IBM Research scientists are working on making AI computing more efficient by shrinking the size of numbers and co-designing hardware to match.

IBM Research scientists are working on making AI computing more efficient by shrinking the size of numbers and co-designing hardware to match.

As artificial intelligence has grown out of the lab and into all areas of our lives, it’s become clear that we need to find new ways to make this technology do more with less computing power. For large language models to be viable for businesses, they can’t require hundreds of GPUs to run. One option includes low-precision computing. Sometimes called approximate computing, low-precision arithmetic is well suited for AI applications whose computations don’t require a high degree of precision to produce accurate enough results. Its advantages include reduced compute and energy costs, as well as lower latency.

Developed over the past decade or so, and maturing in recent years, low-precision computing is quickly becoming an industry standard. As its utility and prominence grow, hardware needs to be co-designed to work in tandem with this approach. It’s no coincidence, then, that low-precision computing is a crucial element of the architecture in IBM’s family of AIUs, devices designed from the ground up to train and deploy AI models as efficiently as possible. Typical CPUs work in high precision, usually FP32 or FP64 floating point arithmetic. FP32 or FP64 means numbers are represented to 32 or 64 bits. This high level of precision is perfect for mathematics, medicine, or engineering, calculations that require exacting tolerances.

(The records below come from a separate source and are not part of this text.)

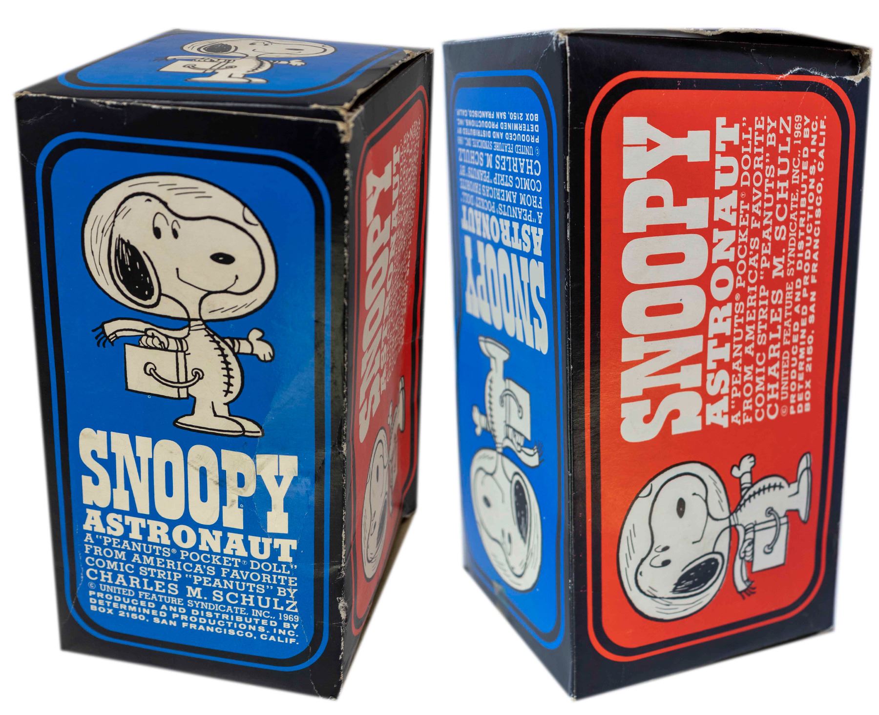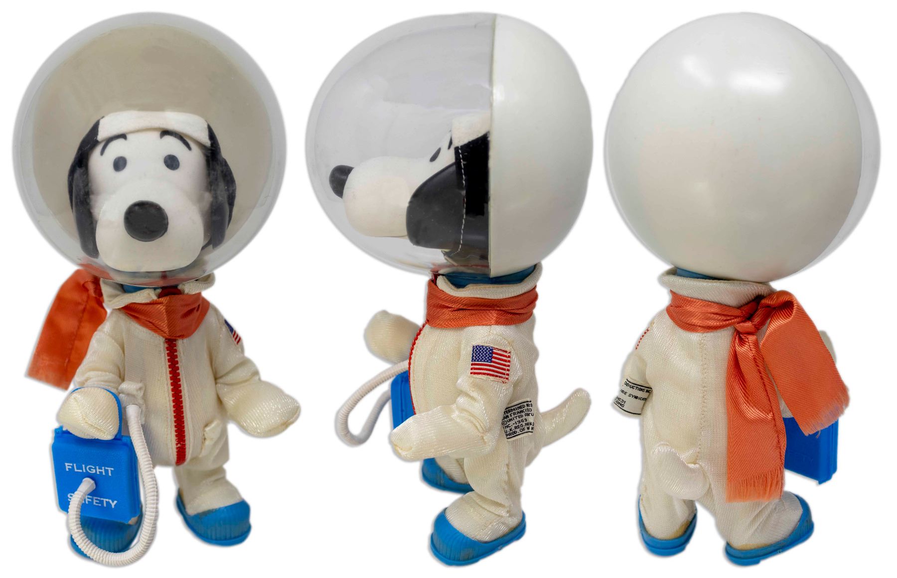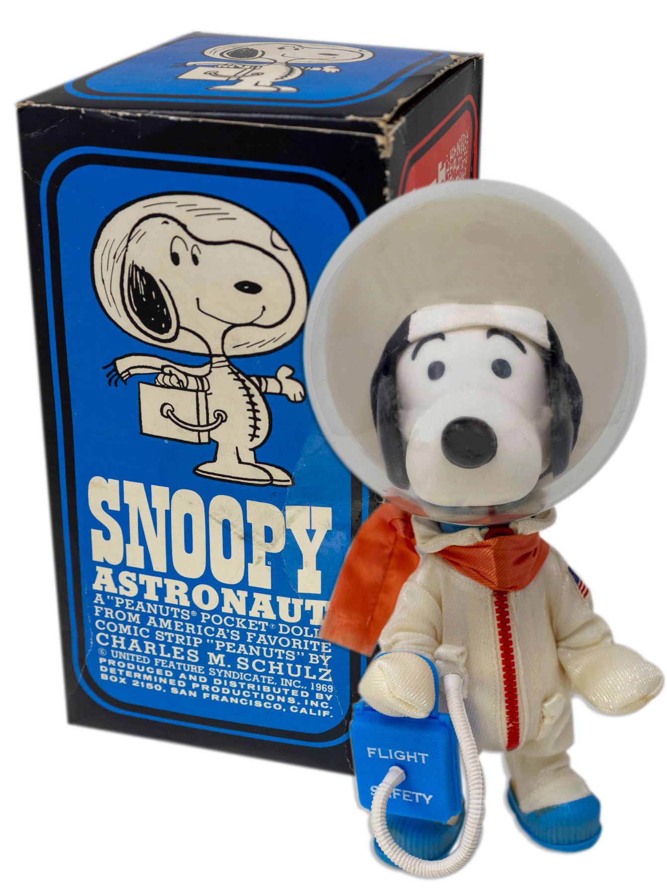 ''Snoopy Astronaut'' toy from 1969, made in conjunction with the Apollo 10 mission in May of that year. Snoopy is outfitted in an astronaut's white space suit with a U.S. flag on his arm, and holding a ''Flight Safety'' suitcase. He measures 9'' tall x approximately 4.5'' wide at his head. With original box measuring 4.75'' x 4.75'' x 9.25''. In unusually well-preserved, near fine condition.
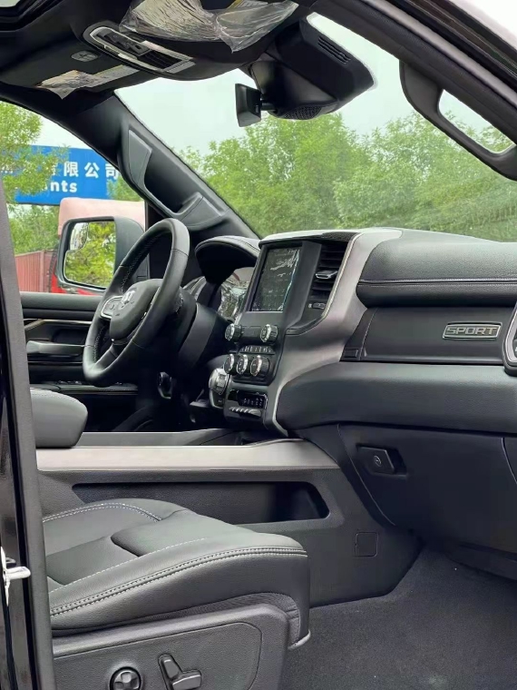 道奇公羊运动皮卡在内部设计上还是延续了美式那种比较粗犷的风格,规整的中控台设计看上去比较死板,但丰富的配置会让你不由得为其称赞。中控台的设计简洁硬派,符合公羊的气质。仪表盘底边有花纹,则更加凸显了这款车的文雅性。软性材质的仪表台设计,摸上去手感非常舒服,并无些许生硬之处。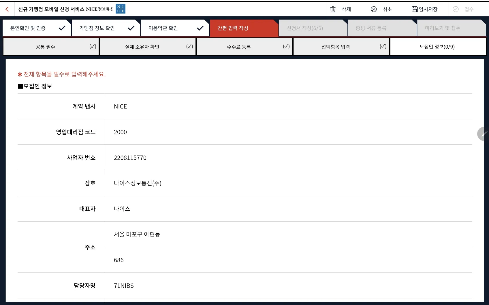 등록번호 오른쪽의 가맹점 확인 버튼을 눌러서 “대형가맹점 여부 확인이 완료되었습니다.”라는 메시지가 나오는지 확인 후 다음단계로 진행해 주세요.
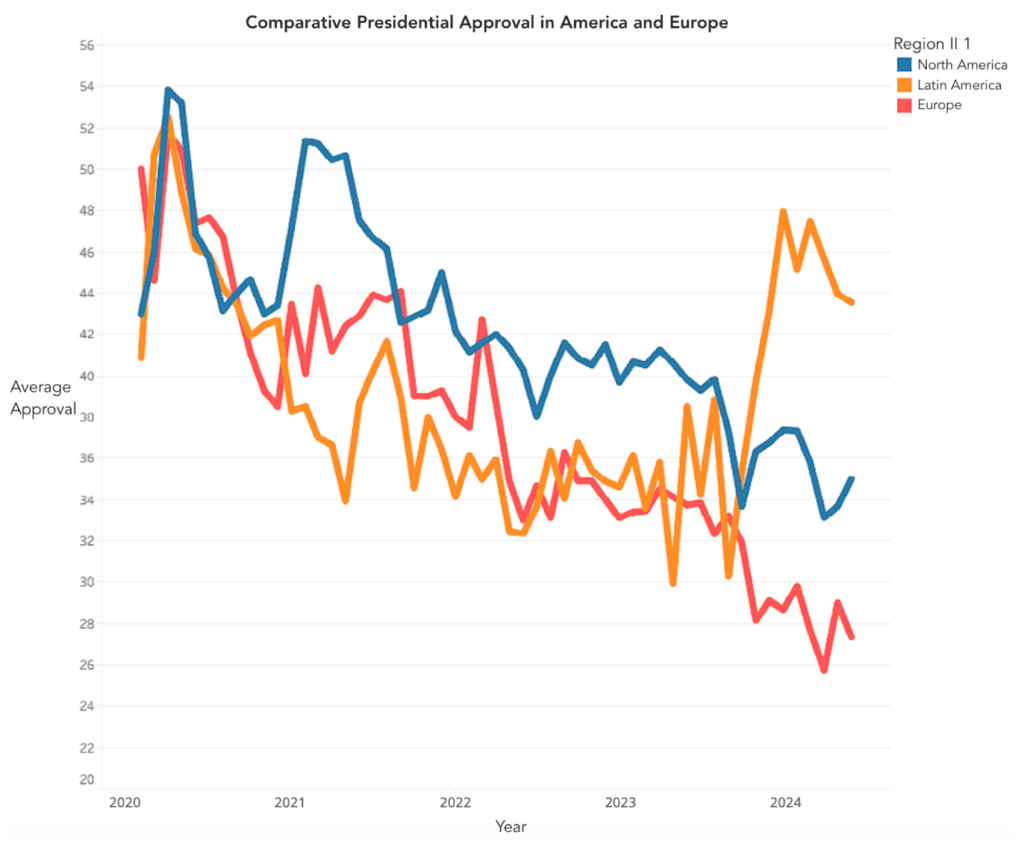 In early November 2024, PULSAR, the academic observatory of the University of Buenos Aires, and the Konrad Adenauer Foundation (KAS), published a Spanish-language report that analyzed the social approval of national governments in 16 countries across Western Europe, North America, and Latin America. The document compiled approval ratings of presidents and prime ministers from Argentina, Bolivia, Brazil, Canada, Chile, Colombia, Ecuador, England, France, Germany, Italy, Paraguay, Peru, Spain, United States, and Uruguay, based on 2,385 published approval records and reports conducted by 2,260 specialized consulting firms between 2020–the onset of the COVID pandemic–and 2024.

For AI, though, this level of precision is often overkill. Not only that, but since AI involves massive amounts of computations with a high level of redundancy, the compute requirements for running large language models at FP32 or FP64 precision are monumental. These numbers can be quantized, or pared down to a limited bitwidth, without sacrificing accuracy.

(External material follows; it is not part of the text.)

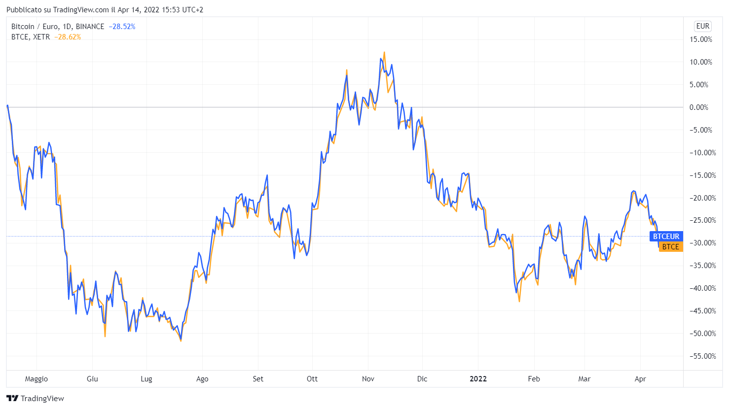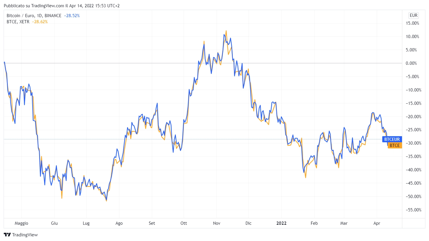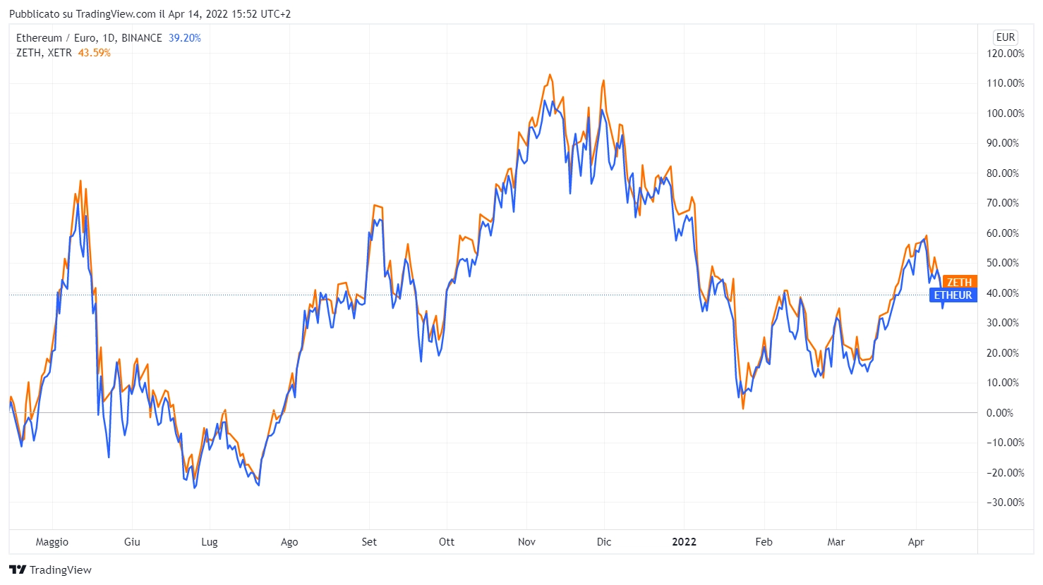 Da questi grafici generati con Tradingview è possibile vedere come la performance di Bitcoin e di Ethereum è stata replicata fedelmente.
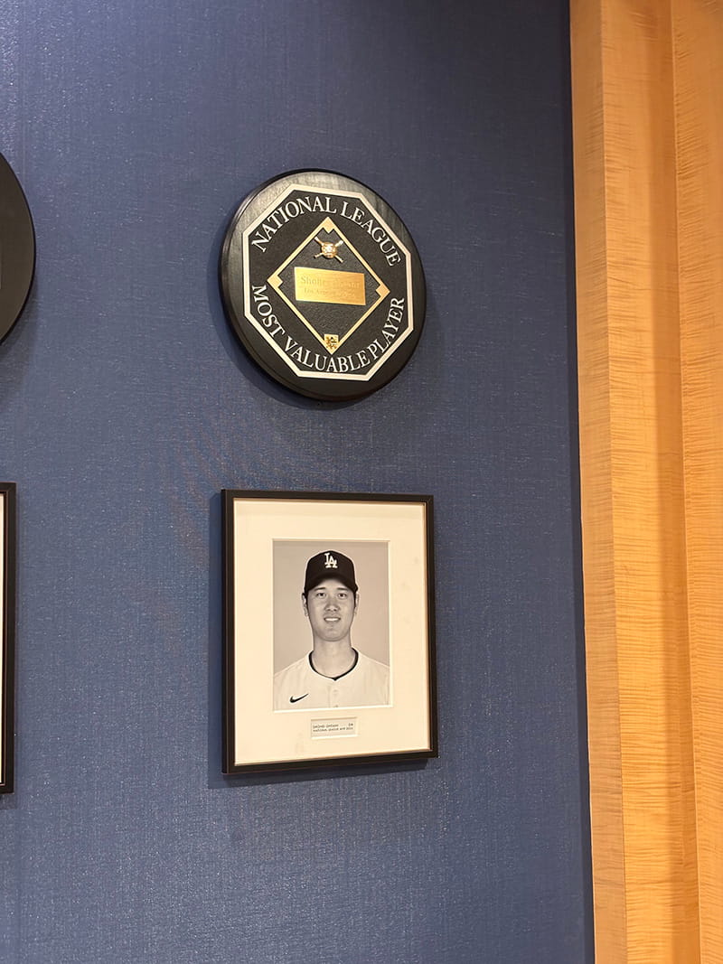 ・ドジャースの歴史や功績、トロフィーが展示されているエリア

Much like a back-of-the-envelope calculation is sufficient for calculating the tip at a restaurant, or a quick glance is all it takes for us to tell a rose apart from a daisy, 16-, 8-, or even 4-bit precision can provide the appropriate level of computational accuracy for today’s AI models. In fact, 16- and 8-bit compute are already industry accepted standards and are deployed in production settings. At the same time, researchers must develop algorithms to control the effect of reduced precision, so errors don’t add up and derail model accuracy.

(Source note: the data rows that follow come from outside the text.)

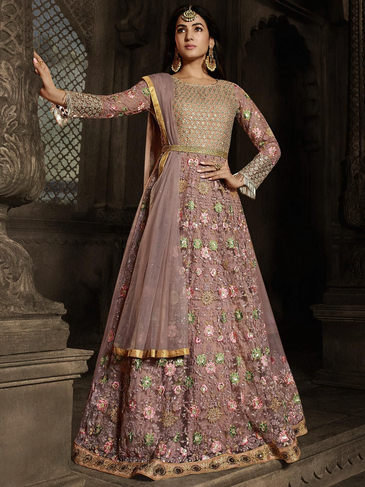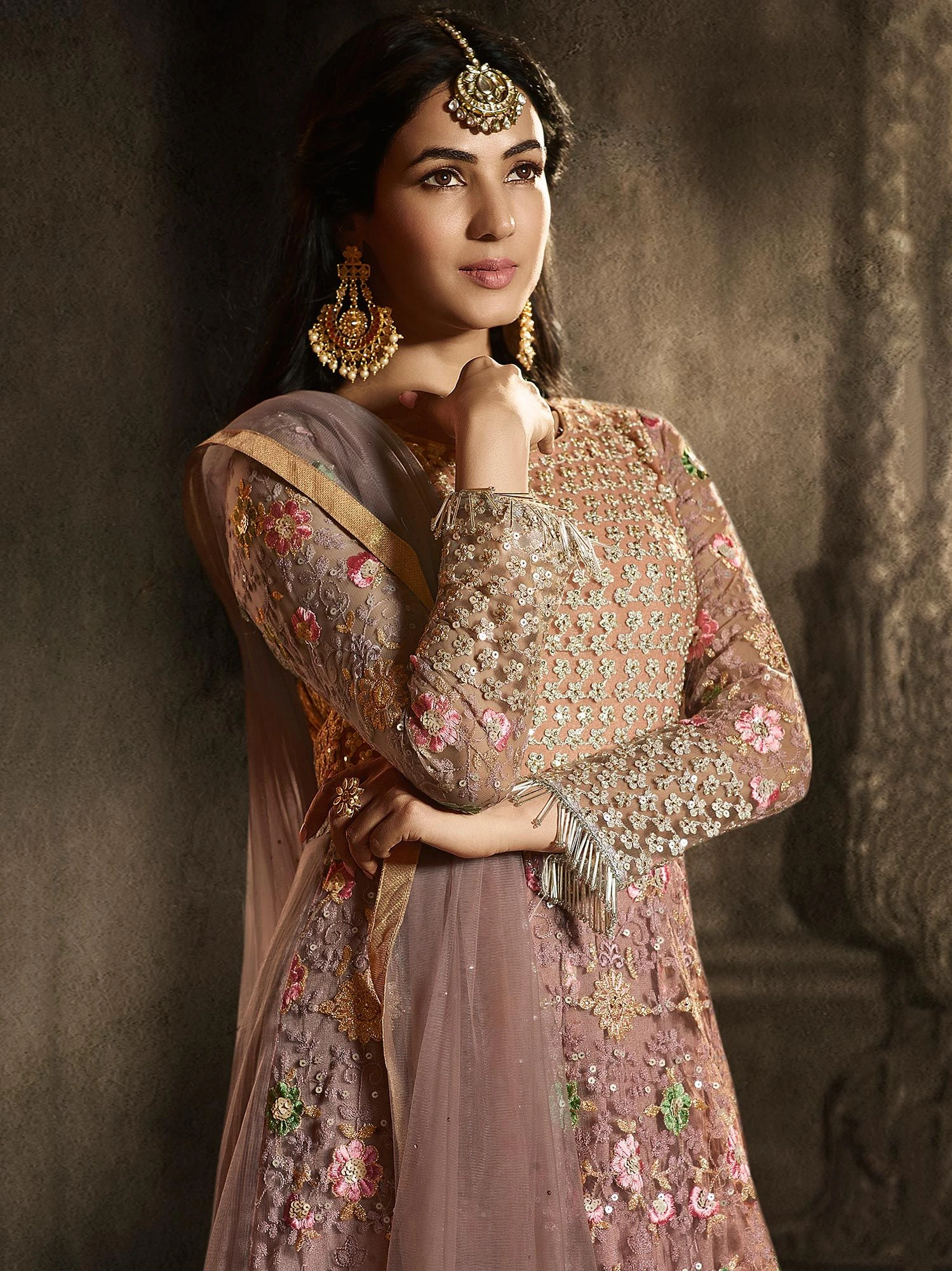 Mark the upcoming celebrations wearing this soft beige color anarkali kameez in net. Enhanced using sequins and thread work embroidery all over. Teamed with a matching net dupatta and a matching bottom in shantoon. Note: Accessories shown are for styling purpose only. Slight color variation may occur due to photographic reasons. The semi-stitched kameez can be customised upto 42 inches.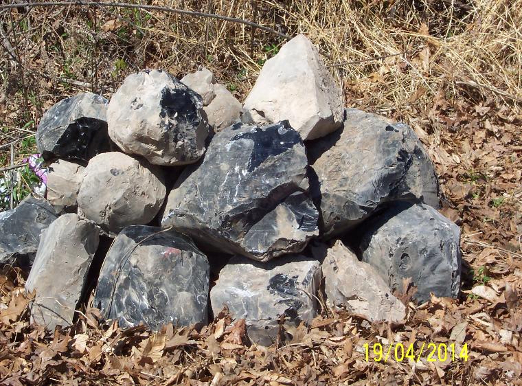 | In an effort to serve my loyal customers, I'm making substantial investments to insure adequate stocks. Here is a picture of one of my lines of obsidian piles. There is roughly 20,000 pounds of obsidian varieties and Dacite in these piles. |
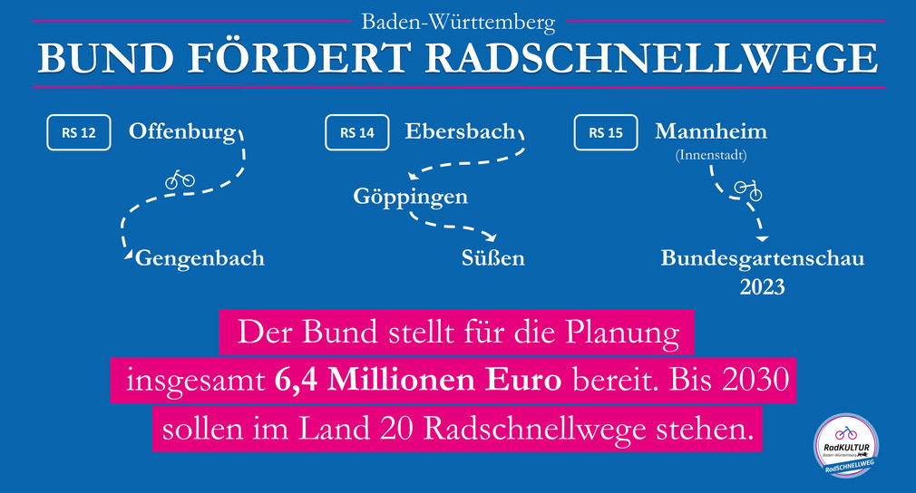 Gefördert werden die geplanten Radschnellverbindungen Offenburg – Gengenbach, Ebersbach – Göppingen – Süßen sowie ein Teilabschnitt der Verbindung Mannheim – Viernheim – Weinheim – Darmstadt. Mit dem geförderten Teilabschnitt soll eine Radschnellwegeverbindung zwischen der Mannheimer Innenstadt und dem Gelände der Bundesgartenschau hergestellt werden. Der Bund beteiligt sich mit je 75 Prozent an den Planungskosten.

As the state of the industry moves toward low-precision computing, scientists at IBM Research have been advancing techniques for low-precision training, and are currently working on incorporating them into how we train and inference with LLMs, as well as how we design hardware for them.

What is full-precision computing?

Full-precision (or double-precision) computing usually refers to operations performed with 64-bit representations, says Mudhakar Srivatsa, a distinguished engineer at IBM Research and an expert on AI optimization. As you increase the number of bits, you increase both precision (decreasing the gap between two representable numbers) and range (increasing the minimum and maximum value of representable numbers). Computers can handle operations involving large, high-precision figures. Ask a modern computer to perform a single piece of arithmetic at 64 bits of precision, and the result will be near-instantaneous.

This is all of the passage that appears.